[英]Parsing All Pages of HTML using BeautifulSoup
I'm having problems within my code which works perfectly with one page, but when I try to parse all the 28 pages it doesn't parse 27 pages, but parse only the first one. 我的代码存在问题,无法完美地与一个页面配合使用,但是当我尝试解析所有28个页面时,它无法解析27个页面,而只能解析第一个页面。

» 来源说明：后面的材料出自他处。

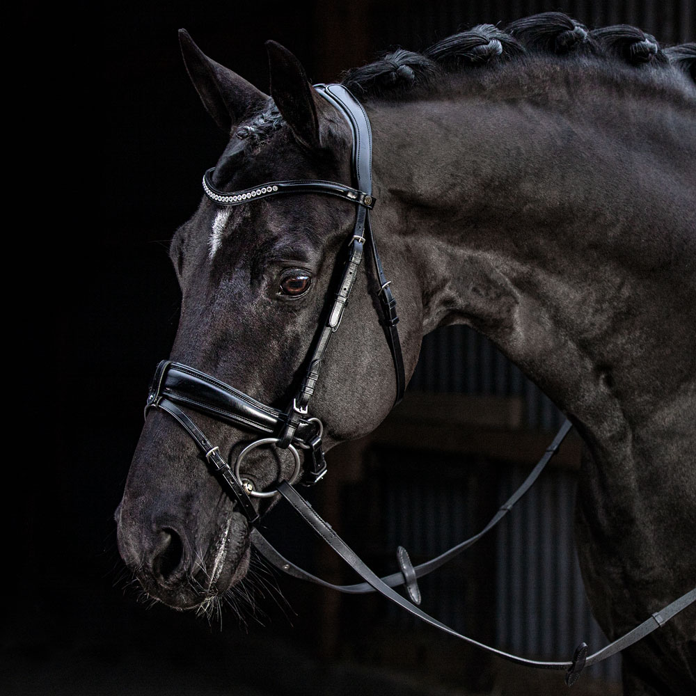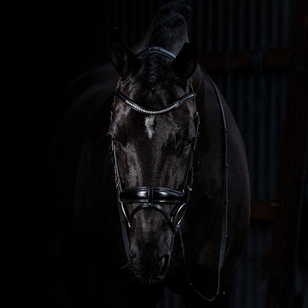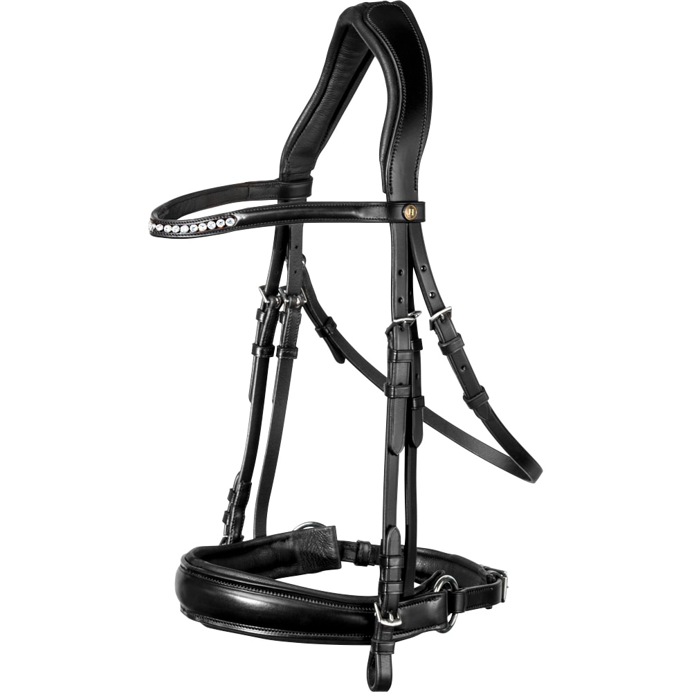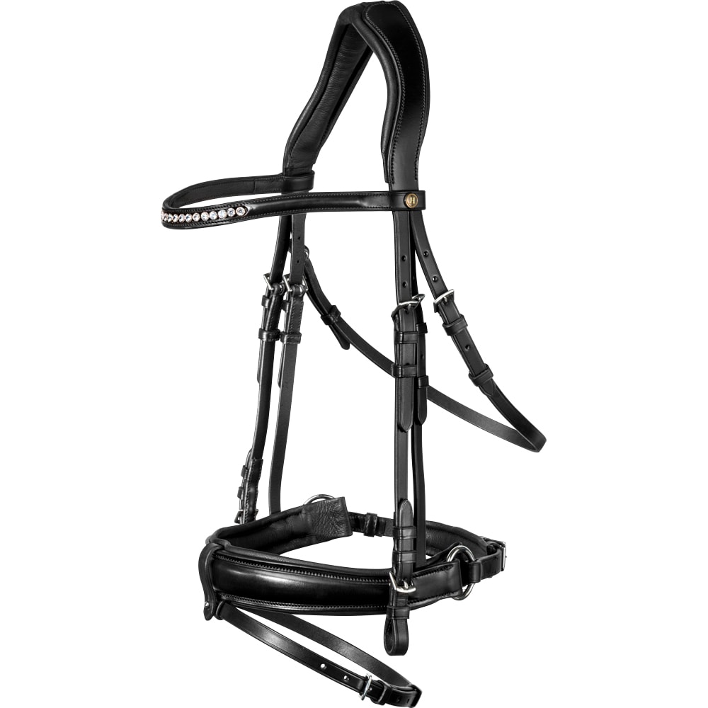 Gecombineerd neusriem hoofdstel van Italiaans leer met 4,5 cm brede onderlegde neusriem. Volledig afneembare Aachen-riem. Gebogen halsstuk met zachte voering en gebogen frontriem met witte stenen.
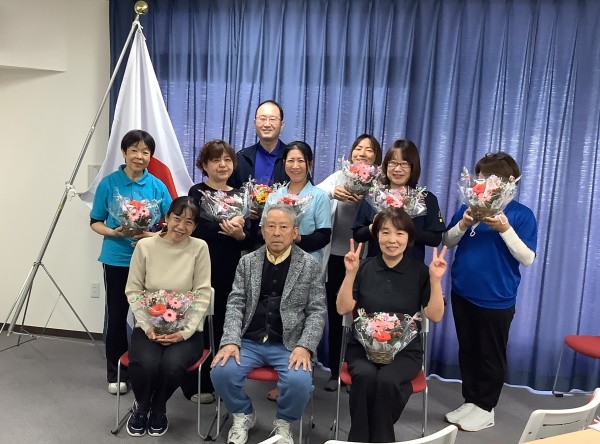 社会医療法人 蒼生会の勤続年数10年以上の勤務者にお祝い金(10万円~勤務年数により増額)とお祝いの花束の贈呈がありました。蒼の里開設から10年、開設当初から蒼の里に尽力してくださった10年勤務者と蒼生病院から移動となり蒼の里のメンバーとして共に盛り上げてくださった職員です。これからも老健蒼の里で体が許す限り務めていただけるように願ってます。

The main idea is parse the data from the mentioned url which has 28 pages in overall and I made for loop for it in order to make BS parse from all the pages. 主要思想是解析来自提到的url的数据,该url总共有28个页面,我为此进行了循环,以便从所有页面进行BS解析。 However, it parses only the first page, but doesn't parse others.
但是,它仅解析首页,而不解析其他页面。
I would like to get your recommendations and ways to make it work. 我想得到您的建议和使它起作用的方法。
Code: 码:
from bs4 import BeautifulSoup as bs
import requests
import pandas as pd
for t in range(28):
url = "https://boss.az/vacancies?action=index&controller=vacancies&only_path=true&page={}&type=vacancies".format(t)
r = requests.get(url)
soup = bs(r.content, 'html.parser')
titles = [i.text for i in soup.select('.results-i-title')]
#print(titles)
companies = [i.text for i in soup.select('.results-i-company')]
#print(companies)
summaries = [i.text for i in soup.select('.results-i-summary')]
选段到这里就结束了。